## Source information
+-------+
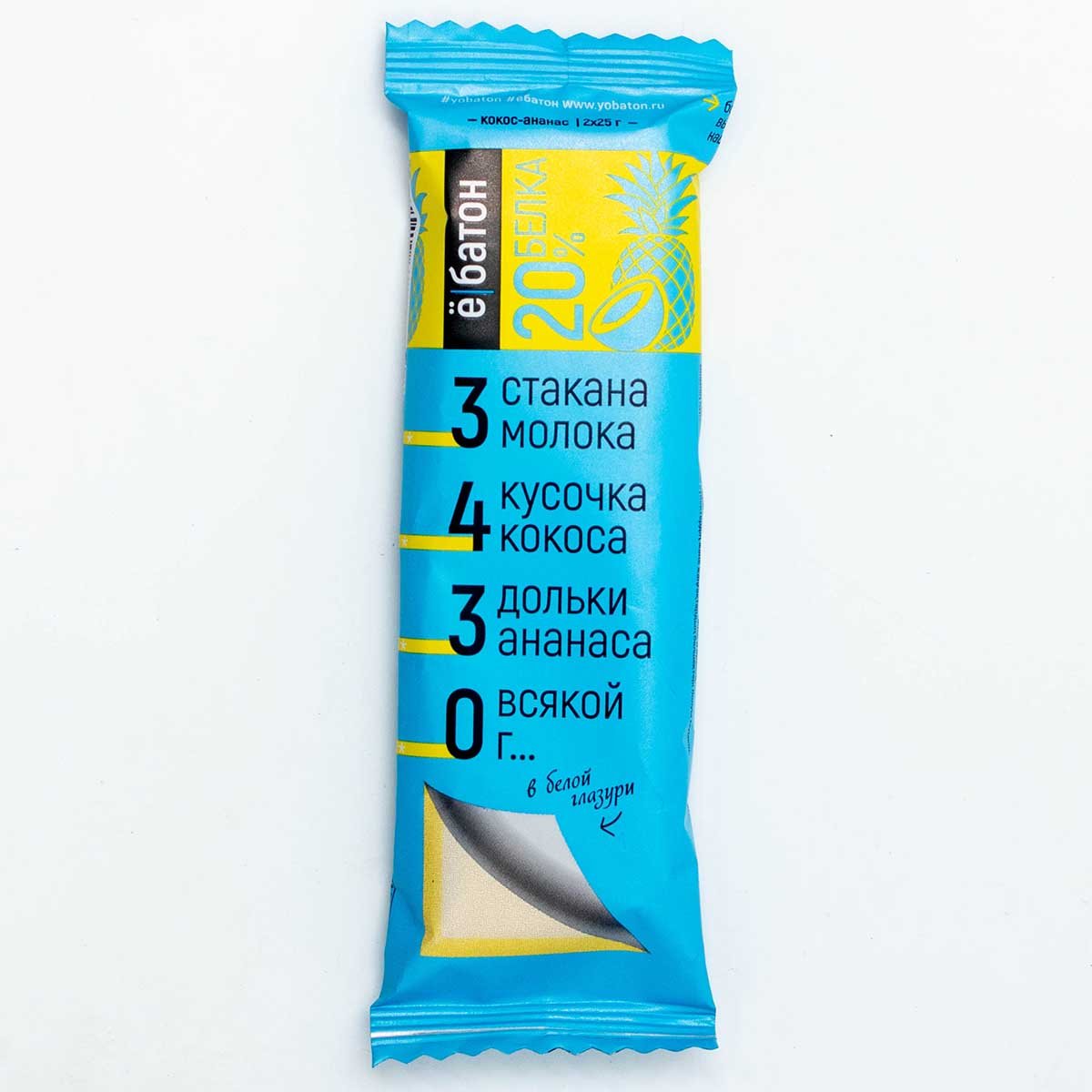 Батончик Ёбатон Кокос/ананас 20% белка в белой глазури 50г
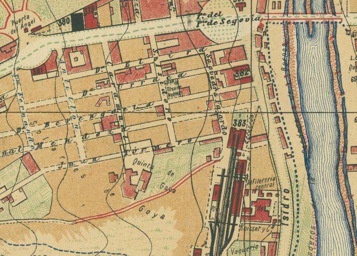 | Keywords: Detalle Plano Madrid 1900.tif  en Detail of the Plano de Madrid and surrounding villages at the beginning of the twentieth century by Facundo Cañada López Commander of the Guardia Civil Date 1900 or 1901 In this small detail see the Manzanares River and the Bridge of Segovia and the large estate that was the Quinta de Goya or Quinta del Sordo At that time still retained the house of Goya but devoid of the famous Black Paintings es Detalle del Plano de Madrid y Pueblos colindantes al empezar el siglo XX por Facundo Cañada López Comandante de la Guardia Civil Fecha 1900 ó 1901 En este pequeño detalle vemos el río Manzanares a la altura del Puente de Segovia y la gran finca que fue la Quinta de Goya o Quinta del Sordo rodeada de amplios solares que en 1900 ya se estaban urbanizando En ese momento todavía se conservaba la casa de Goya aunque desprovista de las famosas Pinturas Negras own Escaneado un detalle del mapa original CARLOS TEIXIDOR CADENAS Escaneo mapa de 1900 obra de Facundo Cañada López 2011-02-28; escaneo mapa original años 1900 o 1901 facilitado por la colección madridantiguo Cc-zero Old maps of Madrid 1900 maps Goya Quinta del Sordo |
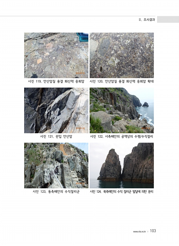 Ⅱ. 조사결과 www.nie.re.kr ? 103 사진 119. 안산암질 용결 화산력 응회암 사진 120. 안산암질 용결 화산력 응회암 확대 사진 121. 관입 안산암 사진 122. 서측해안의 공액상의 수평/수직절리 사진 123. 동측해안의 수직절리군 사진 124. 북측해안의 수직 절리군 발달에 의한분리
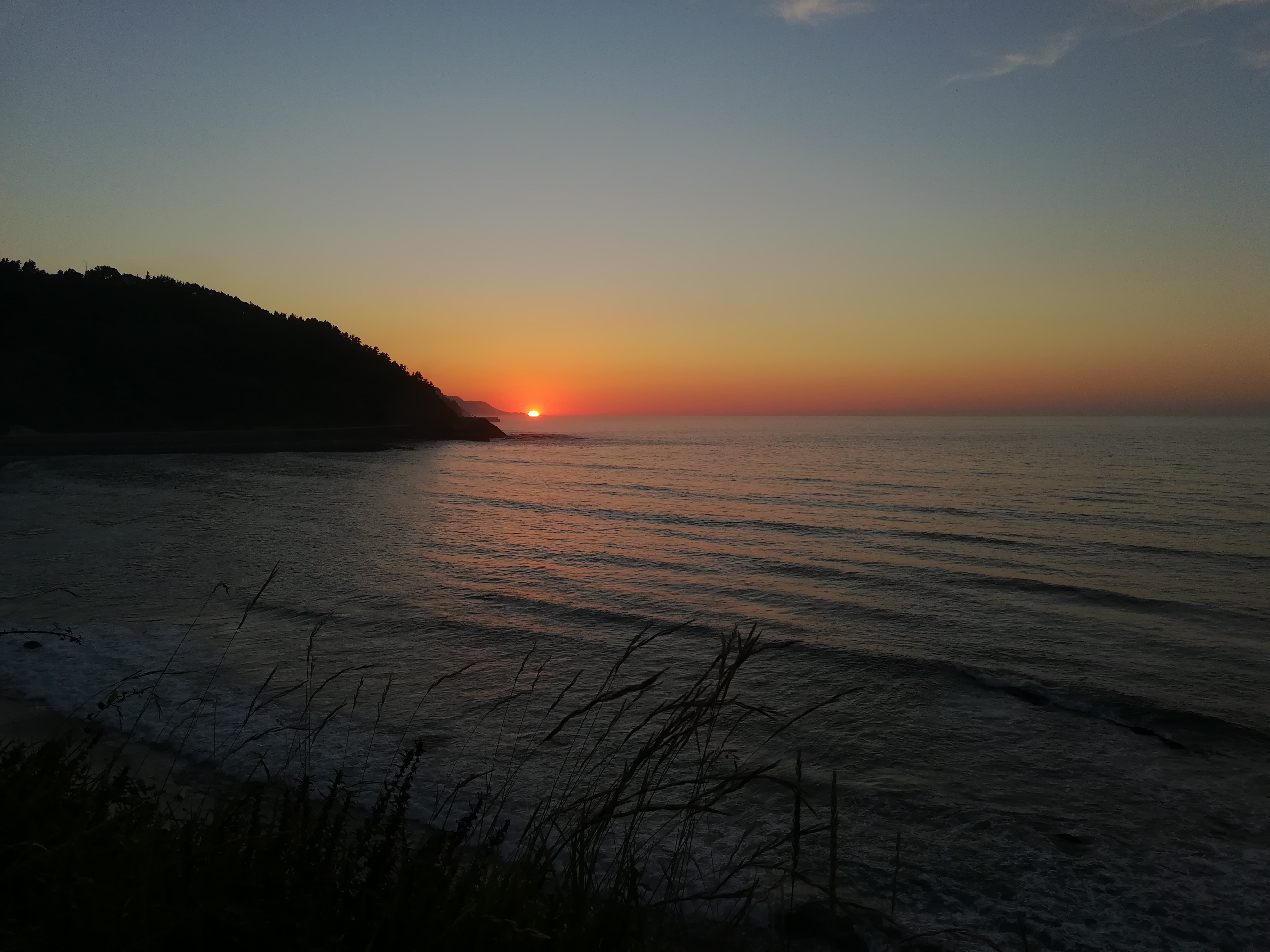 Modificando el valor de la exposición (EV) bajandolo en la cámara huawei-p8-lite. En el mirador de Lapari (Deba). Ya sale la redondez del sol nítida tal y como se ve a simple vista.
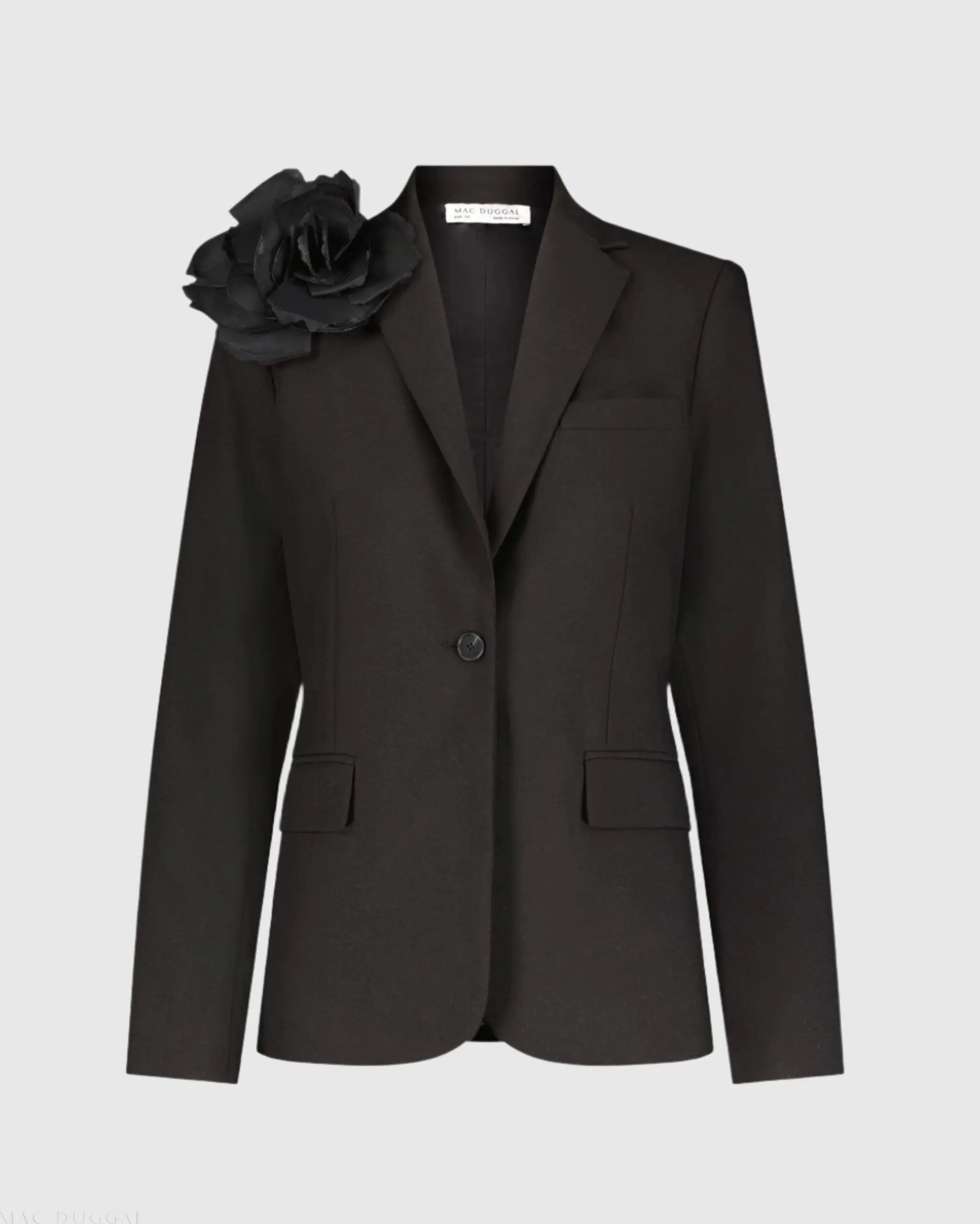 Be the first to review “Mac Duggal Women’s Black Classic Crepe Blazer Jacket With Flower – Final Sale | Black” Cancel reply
+-------+
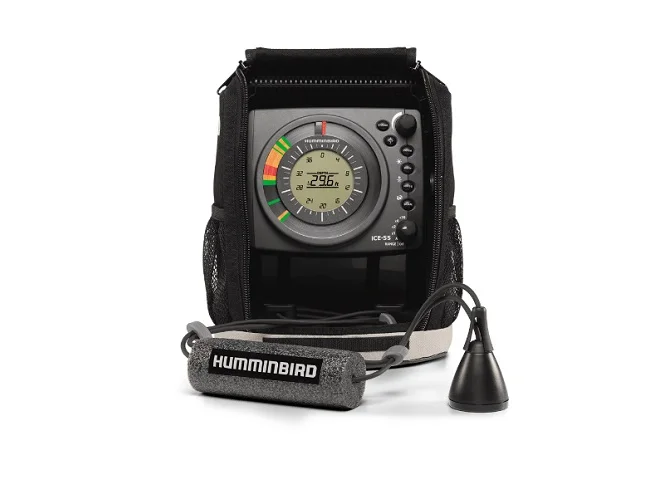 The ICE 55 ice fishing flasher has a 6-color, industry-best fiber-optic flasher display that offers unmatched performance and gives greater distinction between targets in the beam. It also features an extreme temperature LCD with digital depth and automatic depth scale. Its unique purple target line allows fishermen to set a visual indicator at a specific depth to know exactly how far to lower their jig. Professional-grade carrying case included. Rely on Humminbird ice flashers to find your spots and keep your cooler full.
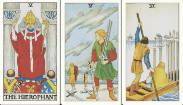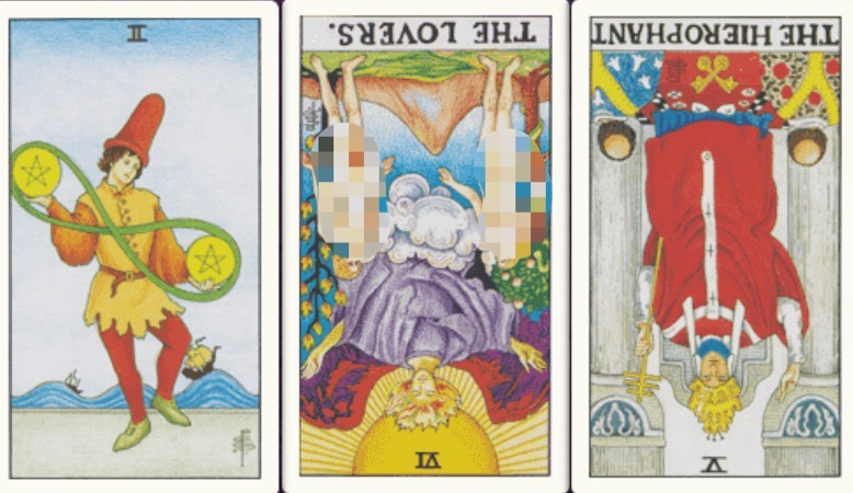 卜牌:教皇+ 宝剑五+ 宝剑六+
+-------+
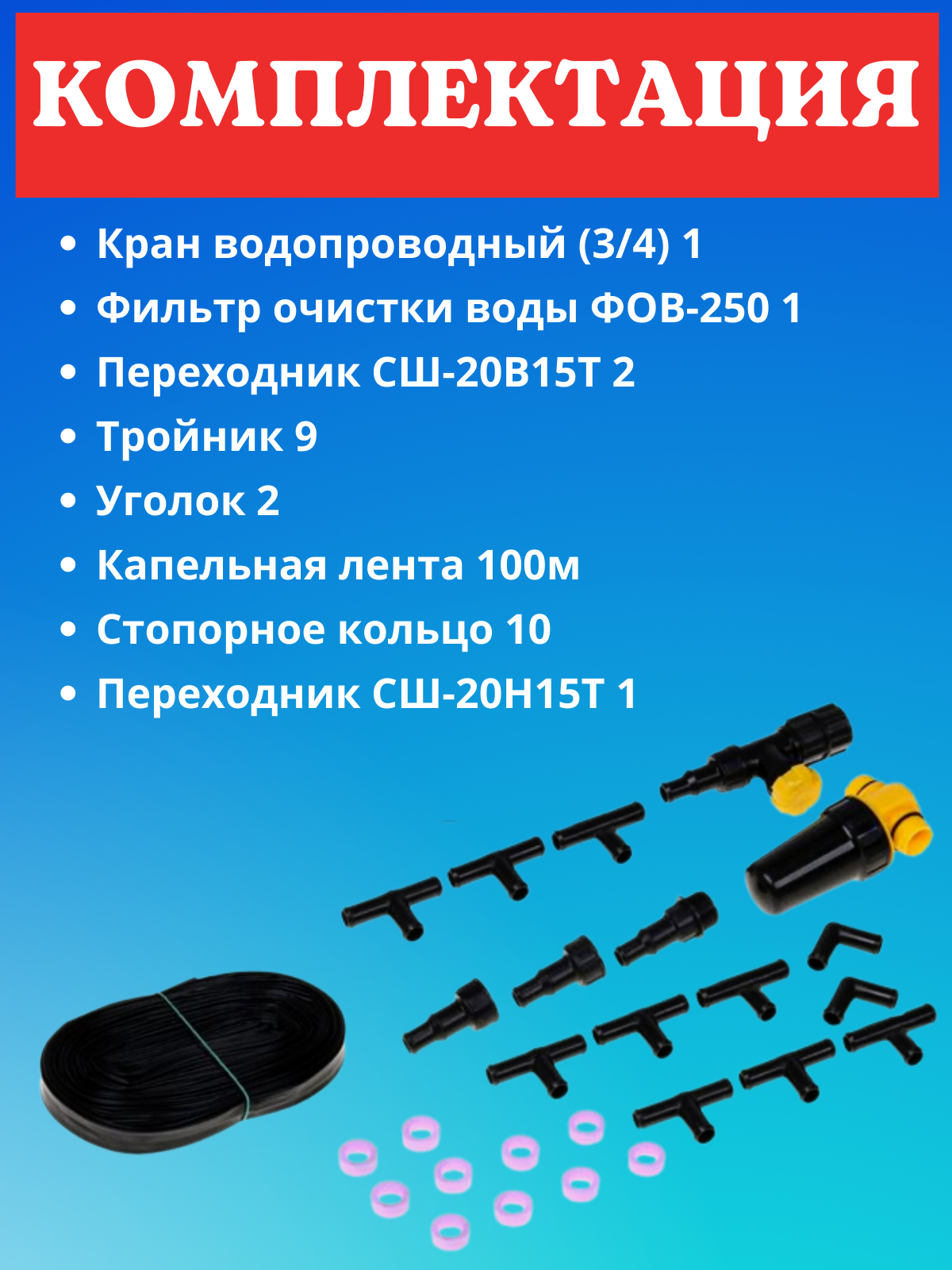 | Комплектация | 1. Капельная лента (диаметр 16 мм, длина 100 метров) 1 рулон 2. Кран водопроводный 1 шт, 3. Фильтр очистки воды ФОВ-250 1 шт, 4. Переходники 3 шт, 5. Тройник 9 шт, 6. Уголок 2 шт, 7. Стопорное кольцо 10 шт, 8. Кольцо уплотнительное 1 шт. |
+-------+
## Task item
Although the records above contain pictures, the copy should not; retype exactly the lines from the one containing "Modificando el valor" through the one containing "Be the first".

## Exercise solution
 Modificando el valor de la exposición (EV) bajandolo en la cámara huawei-p8-lite. En el mirador de Lapari (Deba). Ya sale la redondez del sol nítida tal y como se ve a simple vista.
 Be the first to review “Mac Duggal Women’s Black Classic Crepe Blazer Jacket With Flower – Final Sale | Black” Cancel reply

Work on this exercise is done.